# Quick question regarding waterproof cameras



## TMWTim (Jan 20, 2007)

We have a cruise coming up back to Grand Cayman and Cozumel. Last time we were there we bought a cheesy $20 'waterproof' camera to use out there on the stingray sandbar and for snorkeling. Of course the thing leaked 2 seconds after getting water on it. 

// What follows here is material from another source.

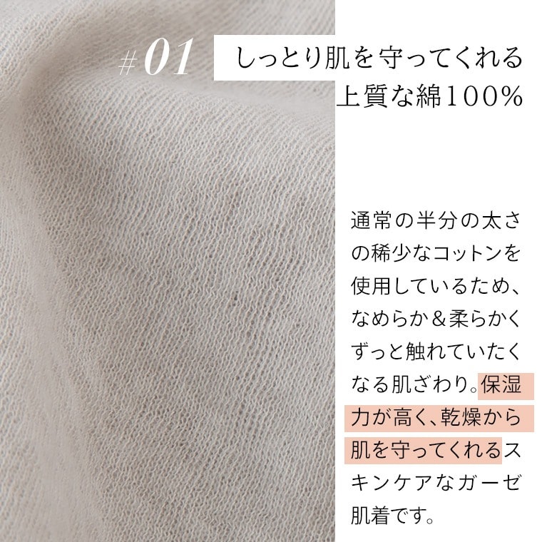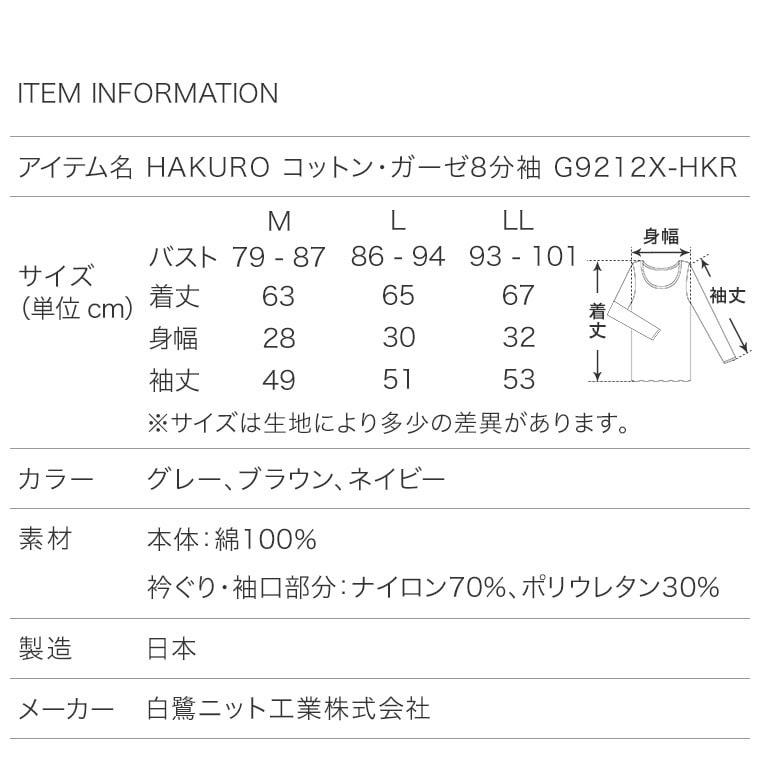 【スペック】 アイテム名: HAKURO コットン・ガーゼ8分袖 G9212X-HKR サイズ: M / L / LL バスト:79-87 / 86-94 / 93-101 着丈:63 / 65 / 67 身幅: 28 / 30 / 32 袖丈:49 / 51 / 53 ※サイズは生地により多少の差異があります。 素材:(本体)綿100% (衿ぐり・袖部分)ナイロン70%ポリウレタン30% 製造:日本 綿100% 8分袖 コットン ガーゼ HAKURO レディース 年間 インナー シャツ 肌に優しい 敏感肌 乾燥肌 バレエネック 通気性 長袖 薄手 30代 40代 50代 60代 春 夏 秋 肌着 下着 日本製 グレー/ブラウン/ネイビー M/L/LL G9212X-HKR

Anyway, I am looking for a waterproof camera in the range up to $250 that will take some decent pics and pretty good video. It would be great if it's small enough to fit in your pocket. Before researching it I figured I would ask 2Cool to guide me in the right direction.

Thanks for any info!!


----------



## chasdawg (Jan 22, 2010)

*camera*

heard this is a nice one 99.00 at bestbuy online only
*Olympus - Factory-Refurbished Stylus Tough 3000 12.0-Megapixel Digital Camera - Red*


----------



## Chasin Tail (Aug 14, 2010)

If you have an Iphone 4 then Check out the LifeProof case. Completely waterproof. You can video and take pics under water then post them on FB. Trust me well worth the money. But if you dont have the Iphone then i guess i aint much help.


----------



## nightgigger (Oct 13, 2008)

I had a Pentax W-30 till I dropped it on a hard floor, Shot some good pictures, good to 10'. The newer models are supposed to be better. My Kodak Playsport also takes an ok picture, but also does good underwater video.


----------



## TMWTim (Jan 20, 2007)

Fins-N-Fowl said:


> If you have an Iphone 4 then Check out the LifeProof case. Completely waterproof. You can video and take pics under water then post them on FB. Trust me well worth the money. But if you dont have the Iphone then i guess i aint much help.


Now that is pretty cool. That case can take a beating AND is waterproof. I think that is the route I am going to go. Thanks!


----------



## Chasin Tail (Aug 14, 2010)

No problem. Have a safe trip.


----------